I'll bring a ton of tortilla chips along with giant vats of guacamole, salsa, sour cream, and piping hot refried beans.  I LOVE nachos!!!

I'll also bring the Midori Sours and Mai Tais!

 Barbara


----------



## cara (Dec 18, 2005)

hmm.. that rather sounds like a bbq.. ;o)))


----------



## TXguy (Dec 18, 2005)

urmaniac13 said:
			
		

> That looks very cool, S.S.B., now where should we cruise around?



You decide, I'm just the designated driver.


----------



## cartwheelmac (Dec 20, 2005)

Barbara L said:
			
		

> I'll bring a ton of tortilla chips along with giant vats of guacamole, salsa, sour cream, and piping hot refried beans. I LOVE nachos!!!
> 
> I'll also bring the Midori Sours and Mai Tais!
> 
> Barbara


 
And don't forget Mr. Maidrite! I think we should make a world wide tour!!!

Cameron


----------



## TXguy (Dec 22, 2005)

Which parts of the world? The car is amphibious and I need to know wehn to turn on the cruise control.


----------



## cartwheelmac (Dec 24, 2005)

Well TX you probably should know when to turn on the cruise control not wehn. By the way I am walking because TXguy don't have his license. Actually now that I think about it I'll ride because we can just hide from the police. He has driving experience from racing games.

Cameron


----------



## TXguy (Dec 26, 2005)

I'm pretty sure I'll get enough practice, due to the long distances involved...
In excess of 24,000 miles.


----------



## pdswife (Dec 26, 2005)

I think we should head to all places warm and tropical.
Sunshine.. doesn't that sound good on this cold wintery day?


----------



## TXguy (Dec 27, 2005)

Would the Bahamas be OK?


----------



## pdswife (Dec 27, 2005)

They would be wonderful Txguy!
They have beautiful beaches, nice people and great food.

Hey, when is this party going to start?


----------



## cartwheelmac (Dec 27, 2005)

I vote for New Year's Eve!

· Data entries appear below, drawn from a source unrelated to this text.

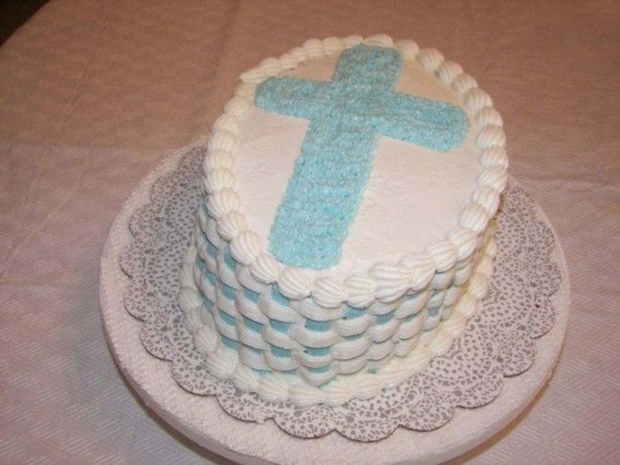 Chocolate WASC, Chocolate Syrup filling, Buttercream basketweave. The Cross is buttercream (and off center, I know. I was doing it quickly. My grandsons Christening combined with Grandaughteres birthday. There wasn't a drop left!!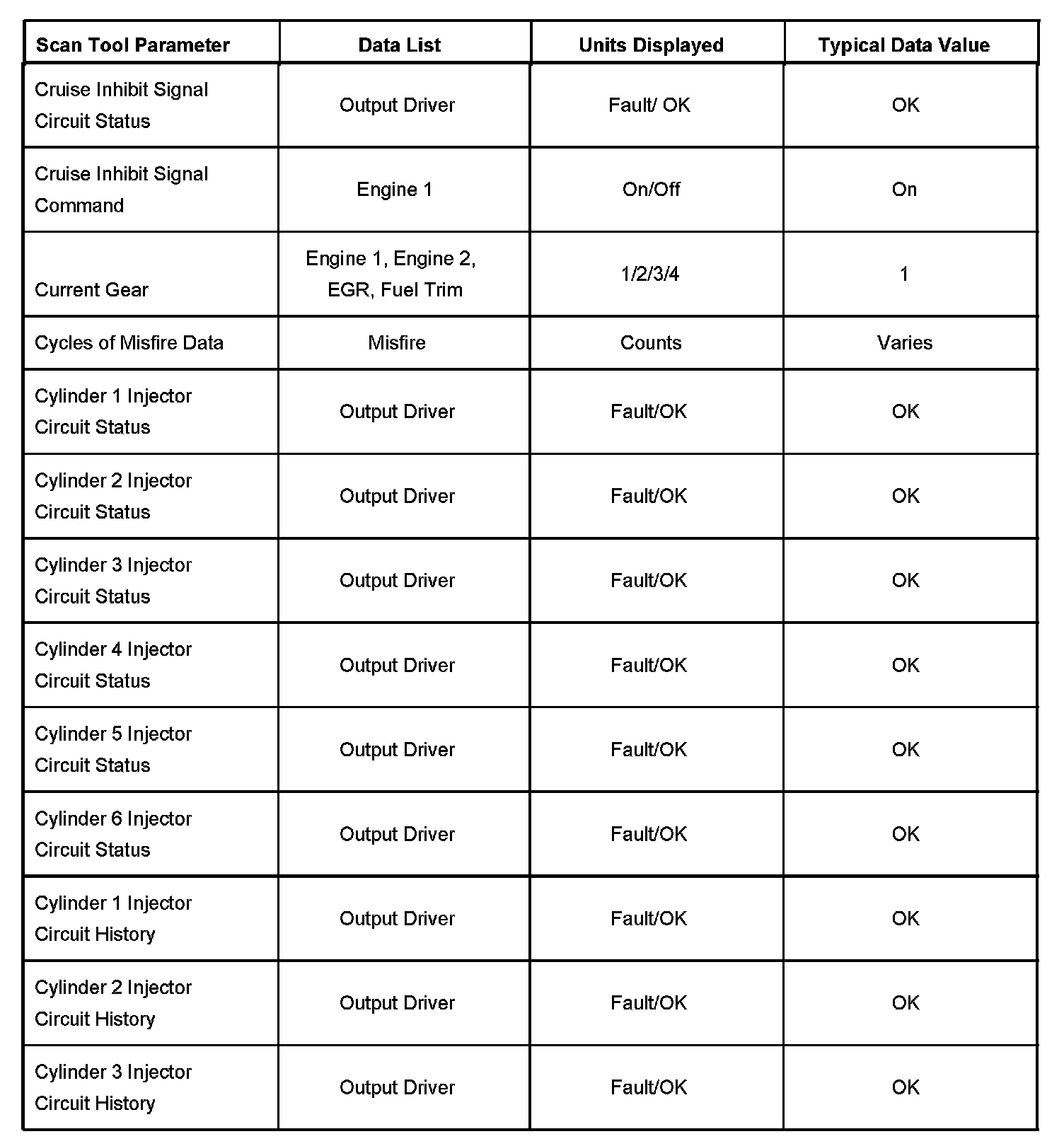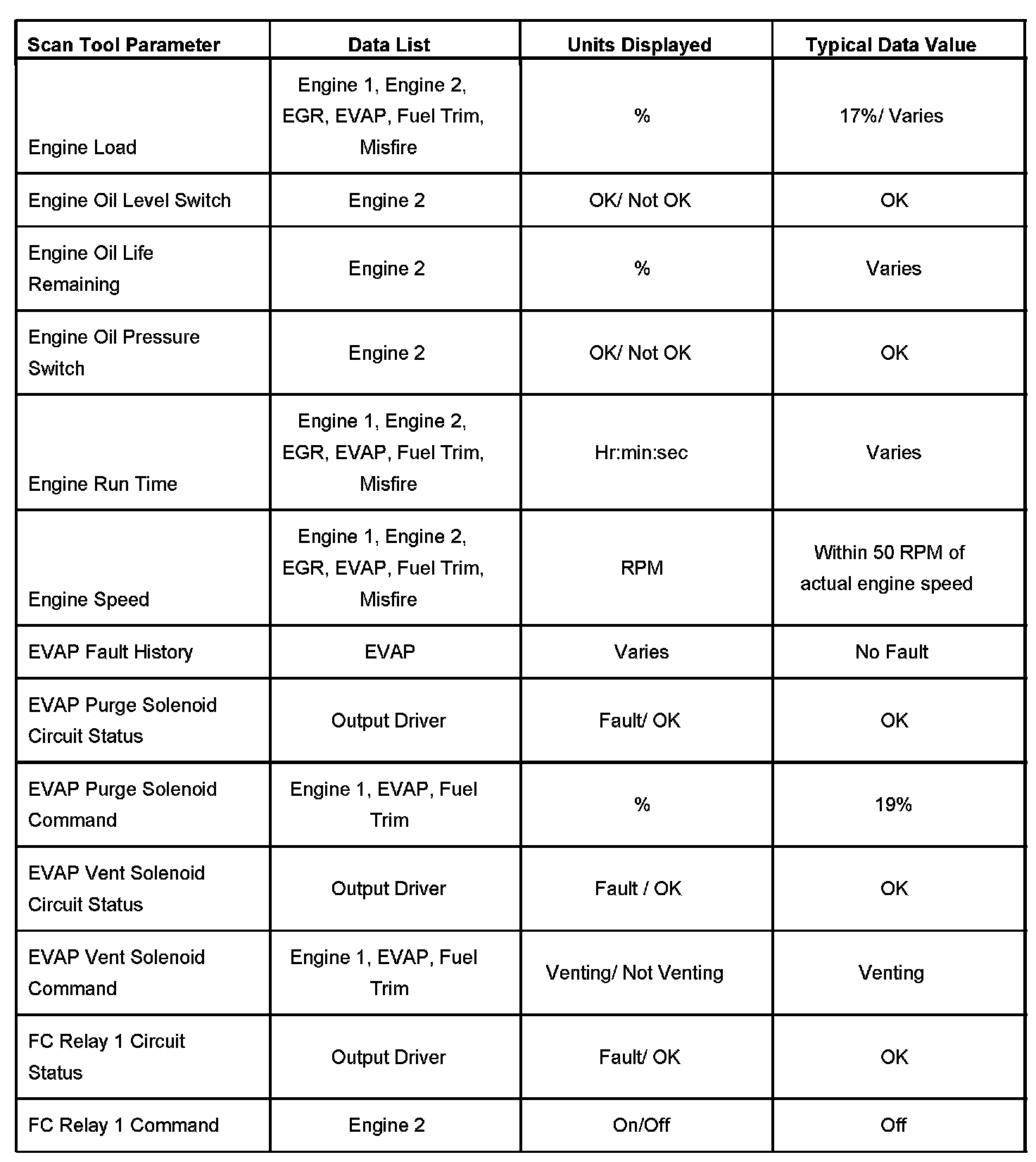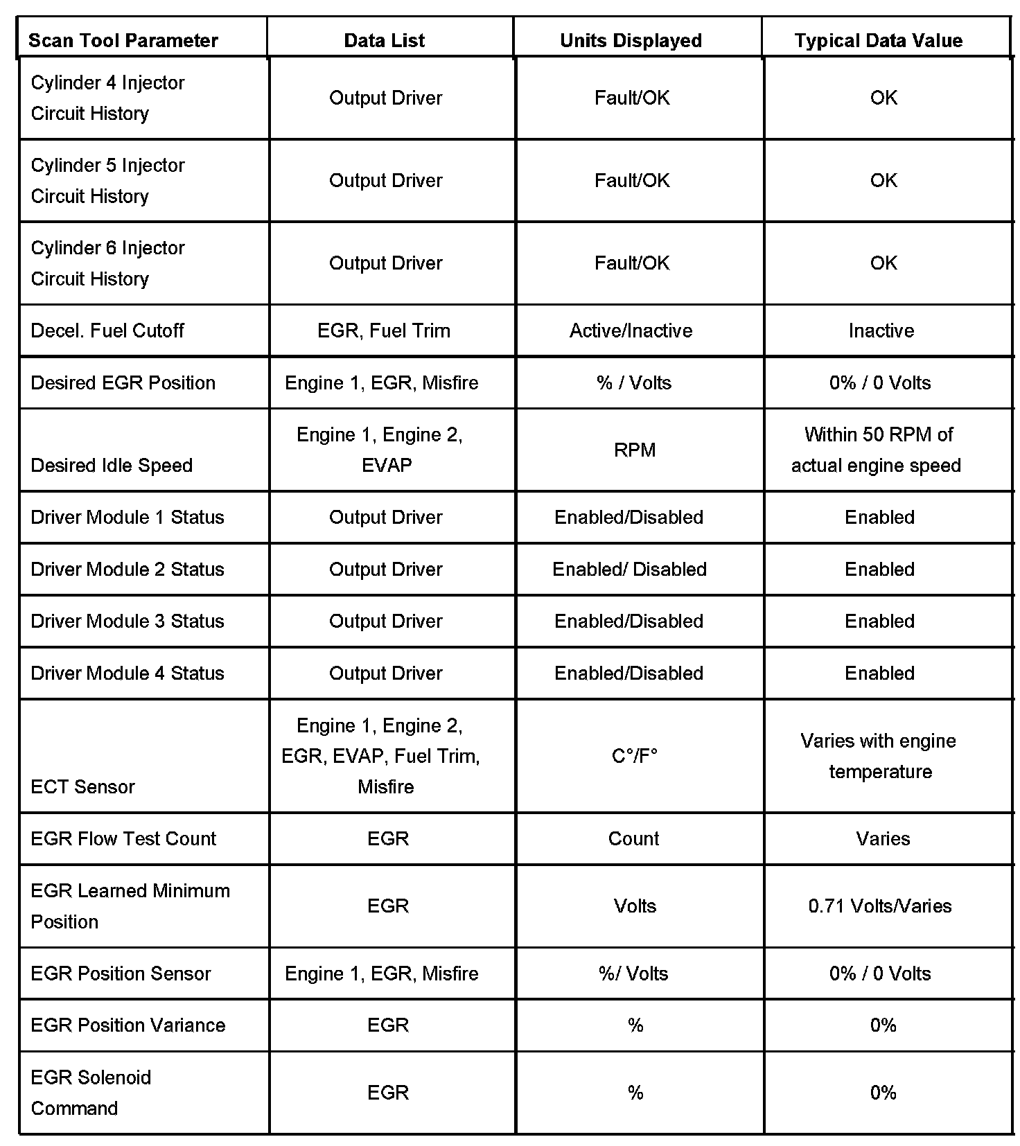 - EGR Data - Contains information specific to the exhaust gas recirculation (EGR) system. This list displays parameters required to verify proper EGR system operation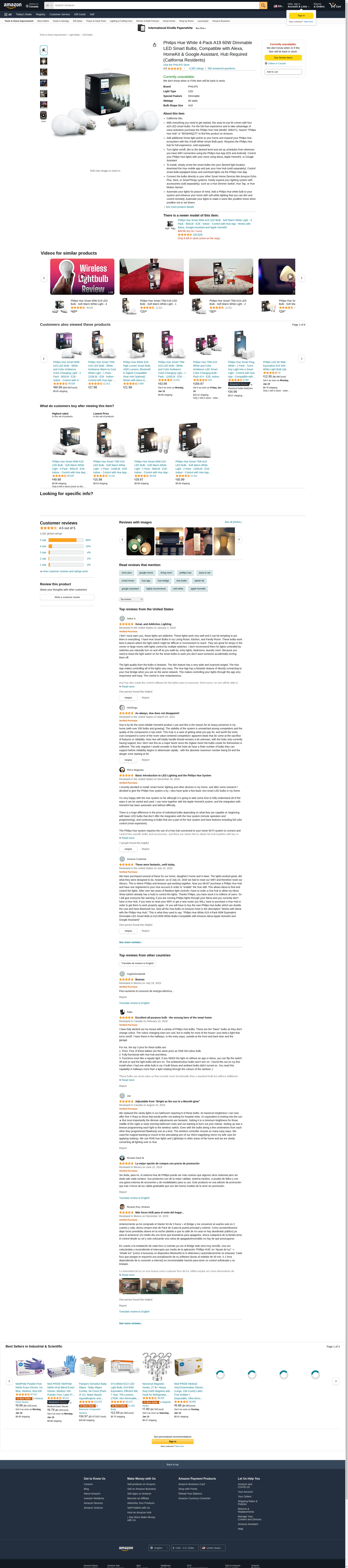 Philips Hue White 4-Pack A19 60W Dimmable LED Smart Bulbs, Compatible with Alexa, HomeKit & Google Assistant, Hub Required (California Residents)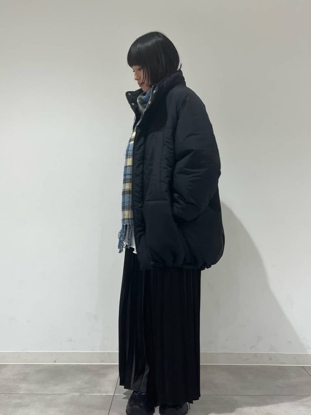 全身を黒でまとめてマフラーが映えるコーデを組んでみました🦋
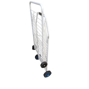 Carrinho de feira branco 4 rodas de borracha dobrável Carrinho de feira branco com divisória dobrável reforçado com 4 rodas de borracha. Lindo carrinho de feira reforçado com divisória Pintura Epoxi cor Branca, muito bonito e com área de carga maior que os comuns. Carrega até 80kg. Com Divisória e dobrável. Muito bom para pessoas idosas. Atenção: A cor das rodas pode variar, dependendo da disponibilidade da distribuidora. Medidas: - Altura: 94cm - Largura: 44cm. - Profundidade: 38cm. Área de carga: - Altura: 56cm. - Largura: 33cm. - Profundidade: 30,5cm. Peso: 3,60kg. Produto com . Marca: Não Informado

All in favor say I and all opposed say Nay!!

I!!!

Cameron


----------



## pdswife (Dec 27, 2005)

I'm all for it!


----------



## TXguy (Dec 29, 2005)

All in favor of the Tour to the bahamas as a stop on the tour say "I"!!!


----------



## Piccolina (Dec 29, 2005)

*A big, resounding "I"!!! *


----------



## pdswife (Dec 29, 2005)

I'm waiting for the car to pick me up!  Yipppeeeee!!!


----------



## cara (Dec 29, 2005)

I hope you don`t want me to drive you ? I already had half a bottle of my redwine... 
btw: is there good red wine at the bahamas??


----------



## pdswife (Dec 29, 2005)

I'm sure there is!    I do know that when you go there the bars (or at least the ones at the hotels) let you make your own drinks!  We were shocked when they handed us the bottle!  We had a blast!

Might have been 18 of the best vacation days we ever had!


----------



## Claire (Dec 29, 2005)

I couldn't help but laugh reading this line.  Where I live the parties are so non-stop that I haven't logged in here in ages -- all I can do on the computer is check email and do minimal shopping.  This week, between the holidays, I've had 4 parties to go to.  I have two more this weekend, and have had a few before, and two friends who want to throw them in January.  With my own party (first weekend in December) .... no time for virtual parties.  Thank heaven Mom shopped the yard sales and found me a few glittery black sweaters ... I'm not much of a shopper, and definitely not a clothes horse.  Those black pants and sweaters have been a lifesaver.


----------



## cartwheelmac (Dec 30, 2005)

OK listen TXguy does not drink! He may have had a sip of Mom and Dad's wine but he does not drink! So we should be cool!

Cameron


----------



## TXguy (Dec 30, 2005)

I said I was the designated driver!! so don't worry. but, I might take a few hints from my favorite sport, NASCAR racing.....


----------